Sharmilan Somasundaram (28) from Batticaloa introduces us to his start-up Niftron which is offering ‘blockchain’ technology. This technology, a service platform, is an advanced database mechanism that allows transparent information sharing within a business network, he says, explaining that a blockchain database stores data in “blocks” that are linked together in a “chain”. Sharmilan underscores that there is no paper trail or documents which could be fiddled with. A blockchain, say with regard to an organic product, would leave clear traceability from farm to market, with consumers being able to scan a QR Code and see its journey. Citing a few examples, he says that this service platform can be used to trace the story of the cultivation of traditional rice varieties, Sri Lankan women in the apparel industry who stitch intricate lace and whether plastic manufacturers are in reality using recycled raw material.
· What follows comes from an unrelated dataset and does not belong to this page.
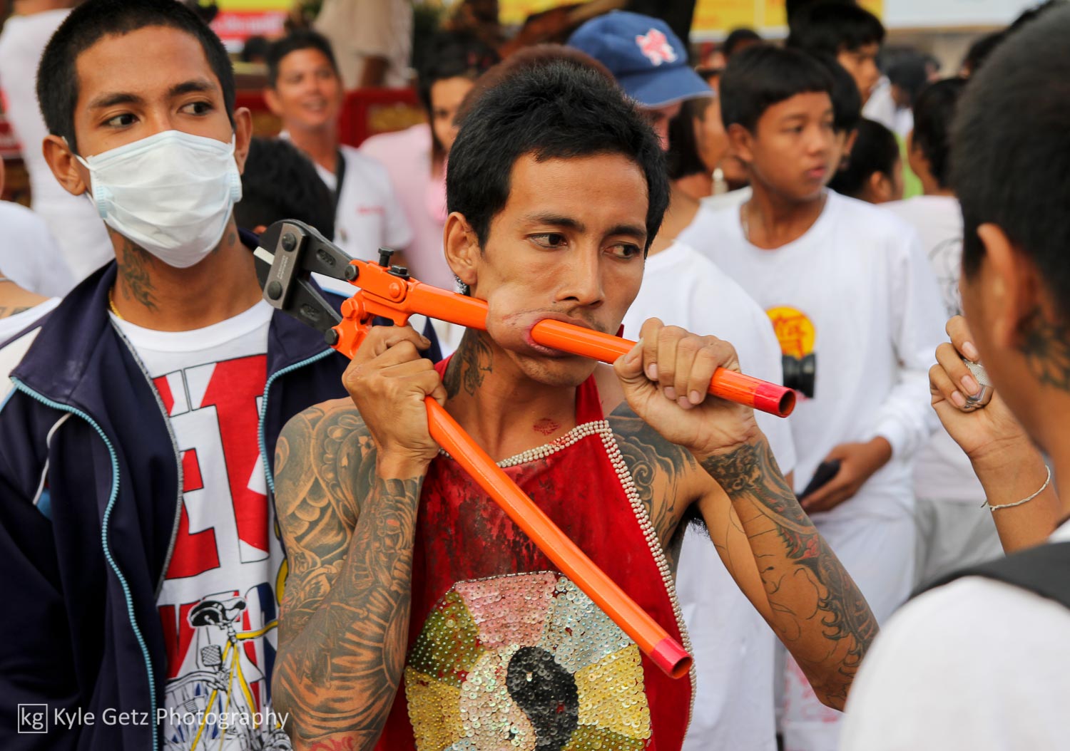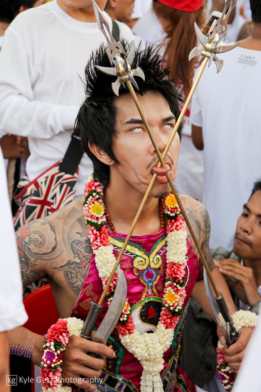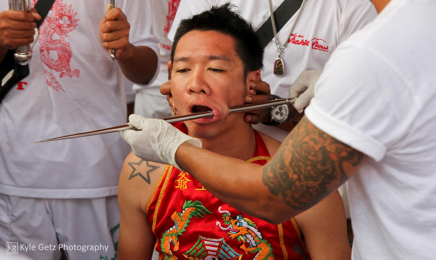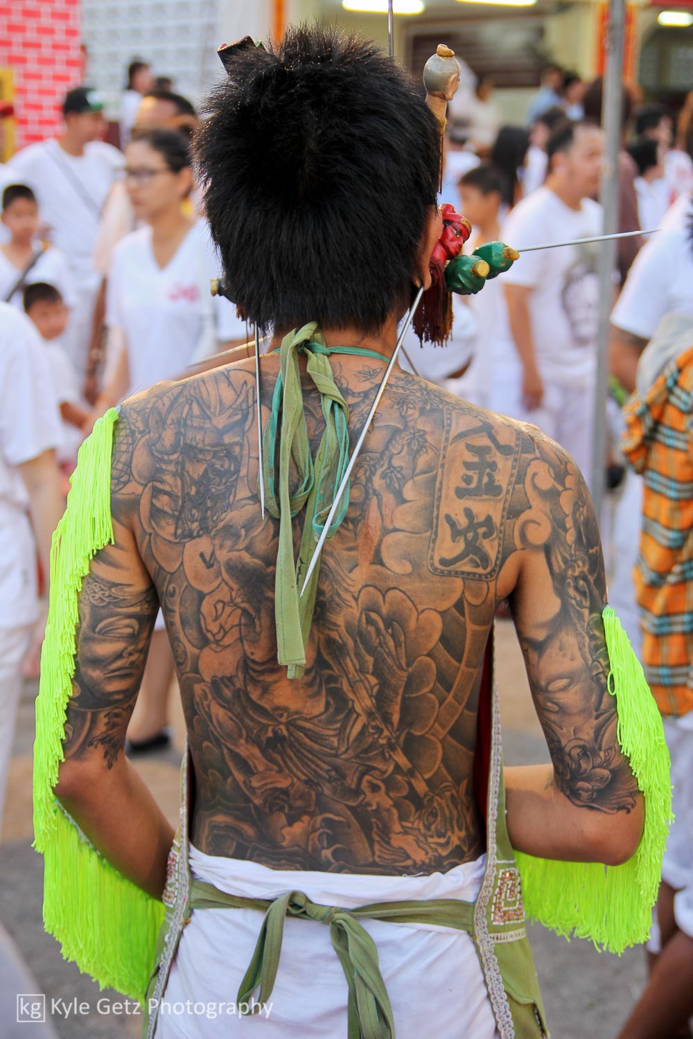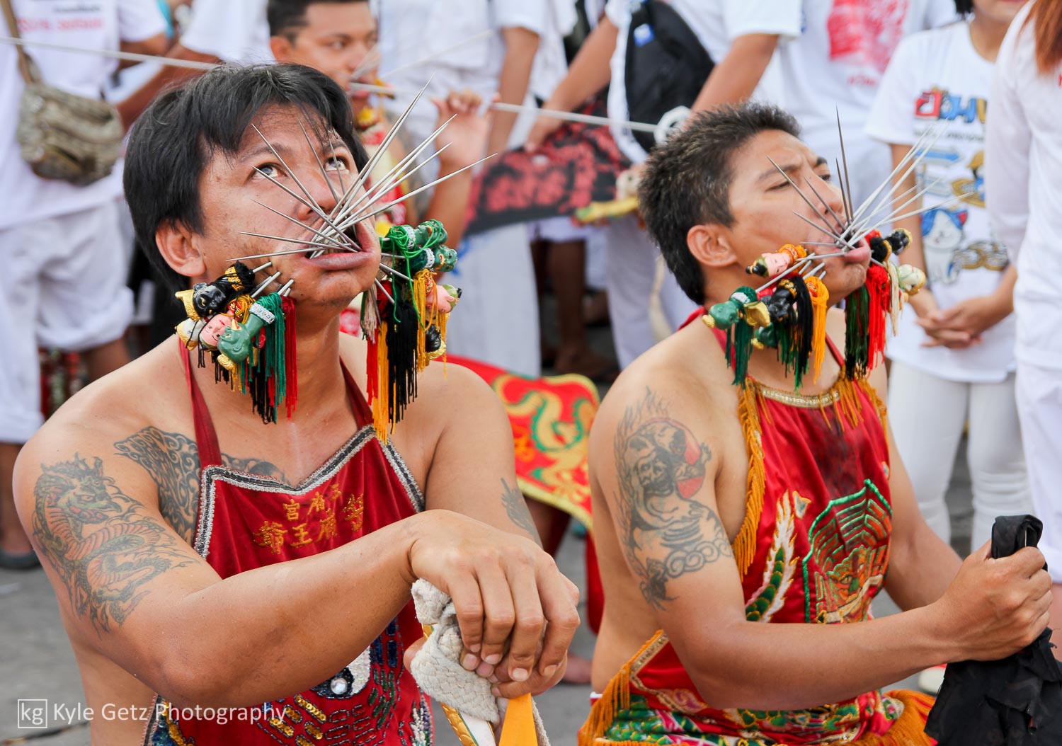 Shockingly, the mediums didn’t appear to feel any pain. Not a single one of them winced or flinched or anything, even when having a massive spike rammed through his face. Also, there wasn’t as much blood as I was expecting. Sure, there was the occasional puddle of blood on the ground or pile of blood-soaked tissues, but not as much as there should have been, considering what was happening. Not surprisingly, the same guys who participate in this also subscribe to tattoo culture. As you can see in the photos and videos, a lot of them have detailed and artistic full-back or full-sleeve tattoos.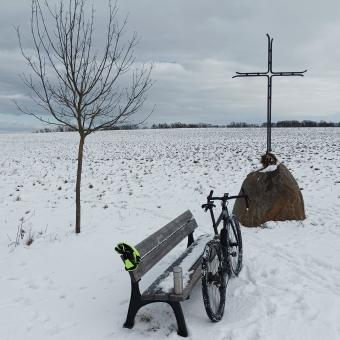 Do lesa se tady bez hřebíků nedá, ale silnice je krásně čistá a o víkendu moc aut nejezdí, dalo se v poklidu projet podél Bobravy od Radostic až k lomu v Mariánském údolí. Na zpáteční cestě z Radostic dokonce vysvitlo sluníčko. Do kopce ani na led se mi nechtělo, držela jsem se na silnici.

It is another traceability solution with a different tweak that Mathangey Sathiyamoorthy (27) from Colombo is putting forth through her company, Polar. This solution uses the Internet of Things (IOT) technology, she says, allowing the tracking of any type of perishable food through all stages of production, processing and distribution. Picking up a stock of vegetables being transported from a Sigiriya farm to a market shelf in Colombo in a truck with cooling facilities, Mathangey says this platform and device would send real-time data and alerts when necessary on the condition of the stock. Then if there is a disturbance in the temperature which could cause a deterioration of the vegetables, immediate action could be taken to correct it. Global expansion is what she is looking for.

Joining on Zoom from Matale is Kapila Weeratunga Arachchi (59),  an entrepreneur who develops and manufactures different types of dryers through his company Saviru Technologies & Services, for businesses engaged in dehydration techniques for vegetables and fruit. His dryers with a capacity ranging from 5 kilos to 5,000 kilos can work with wood, oil, gas or electricity. Now brand development is his forward direction.

Says Good Life X CEO Randhula de Silva that they are excited to have the next generation of innovators of Sri Lanka fully embrace the potential of these undiscovered ingredients and take it to greater heights internationally. “This community of entreprenurs aims to mark Sri Lanka on the global map for the right reasons.” The final words come from Head of Conservation & Sustainability, Dilmah Tea, Shamodi Nanayakkara: “The six companies of the Lost Ingredients Lab were handpicked through a tough competition. Looking at the impact and the progress they have made through the programme, we are proud to commend them as trailblazers of Genesis.”

 

Article published on The Sunday Times.